Decreased paraoxonase 2 enzymatic activity in monocyte/macrophages cells. A comparative in vivo and in vitro study for diabetes.

AIM

To investigate peripheral blood monocytes/macrophages (Mo/Mᴓ) paraoxonase 2 (PON2) in diabetes and the factors modulating its activity.

METHODS

One hundred and eighteen patients with newly diagnosed uncomplicated type 2 diabetes mellitus were compared regarding clinical, biochemical and oxidative stress parameters with 80 healthy subjects. The capacity of the peripheral blood mononuclear cells (PBMNC) to release pro-oxidants and to neutralise them was determined by measuring the respiratory burst (RB) and the intracellular antioxidant enzyme PON2. In vitro experiments were conducted on a differentiated monocytes cell line (dU937) that was exposed to serum deprivation followed by addition of isolated lipoproteins (VLDL or LDL).

RESULTS

Paraoxonase 2 activity in Mo/Mᴓ was significantly lower in type 2 diabetes patients (0.042 ± 0.044 vs 0.165 ± 0.133U lactonase activity/mg protein in controls, p < .0005) and decreased in the obese in all groups.

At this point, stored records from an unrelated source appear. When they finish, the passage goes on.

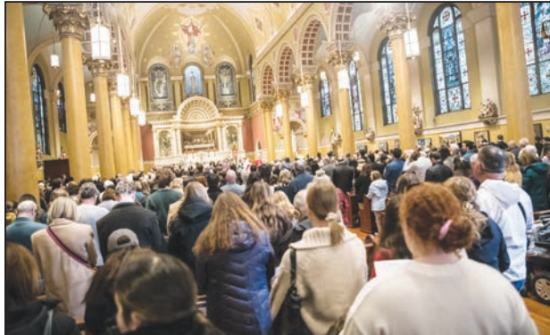
Parishioners inside St. Cecilia Church.
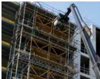
One of the Manitou MRT 2540 telehandlers placing materials on the upper floor.

combination of mastclimbers and two, 25 metre Manitou MRT 2540 360 degree telehandlers supplied by Easi UpLifts, Midlands depot for access and handling duties. With the frame now fully erected, there is also the possibility that the site will take the latest 30 metre, Manitou MRT3050 - one of which is due to join the Easi UpLift fleet shortly - to give easier reach to the upper floors. Because of the lack of access to the rear of the building, all materials have to be loaded onto three landing stages at the front of the building and then 'rolled' through the building to the rear.
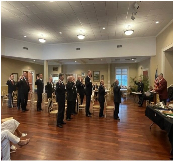
New Officers being sworn in with right hand raised while standing in a shape of a cross.
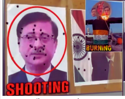
Bullets fired at Indian envoy to Canada's photo
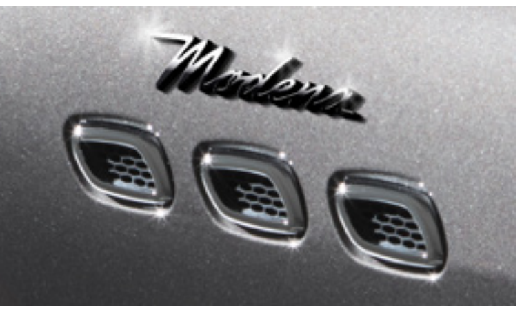
Levante - Side air vents and Modena Badge
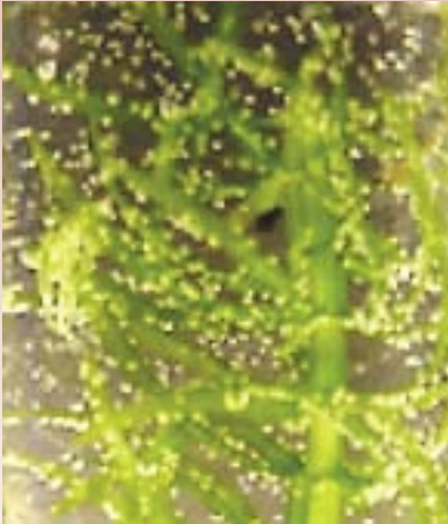
Figure 4 - Egeria najas in bright light releasing oxygen-rich bubbles.

Egeria densa and Elodea when it is out of water.
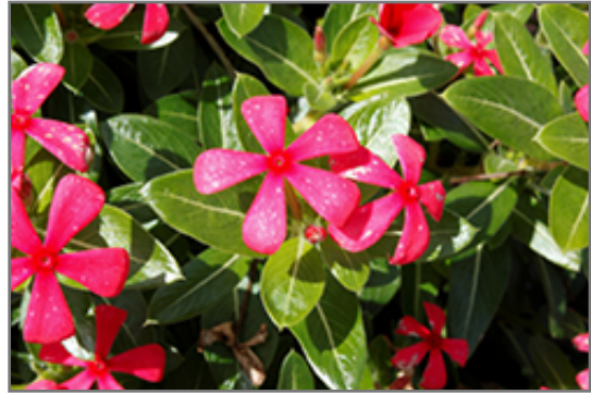
Soiree Kawaii Red Shades Vinca flowers

Soiree Kawaii Red Shades Vinca is a dense herbaceous annual with a trailing habit of growth, eventually spilling over the edges of hanging baskets and containers. Its medium texture blends into the garden, but can always be balanced by a couple of finer or coarser plants for an effective composition.
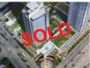
SOLD at 100% Asking
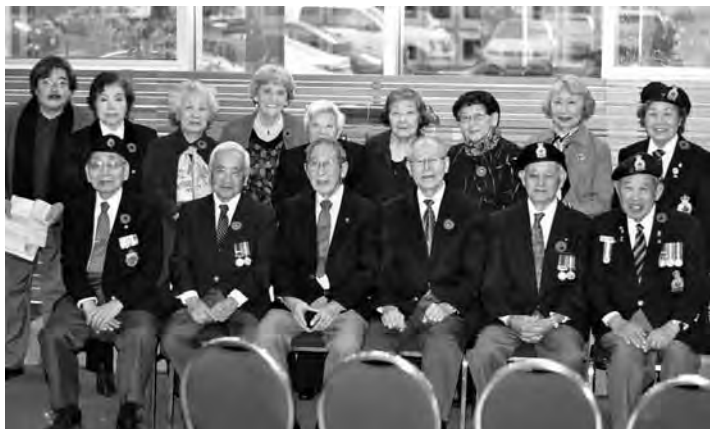
The Nisei veterans and their families.

The JCCC thanks these courageous men and women for all they have done for us and our country.

It was inversely correlated to parameters of adiposity (BMI and Waist Circumference), of glucose control (blood glucose, fructosamine and HbA) and insulin resistance (HOMA-IR). In multivariate regression models, 15-34% of the PON2 variance was explained by diabetes. The in vitro addition of VLDL normalised the RB of serum deprived dU937 cells, S- (to 82 ± 18% of the cells incubated with serum, S+) and PON2 activity (from 0.524 ± 0.061 in S - to 0.298 ± 0.048 U/mg protein). In contrast, when LDL was added, the RB remained lower (61 ± 12% of S+, p = .03) and PON2 higher (0.580 ± 0.030 U/mg protein, p = .003).

CONCLUSIONS

The decrease in monocyte/macrophage PON2 enzymatic activity observed in type 2 diabetes cannot be totally explained by abdominal obesity and insulin resistance. The underlying molecular mechanisms need to be identified.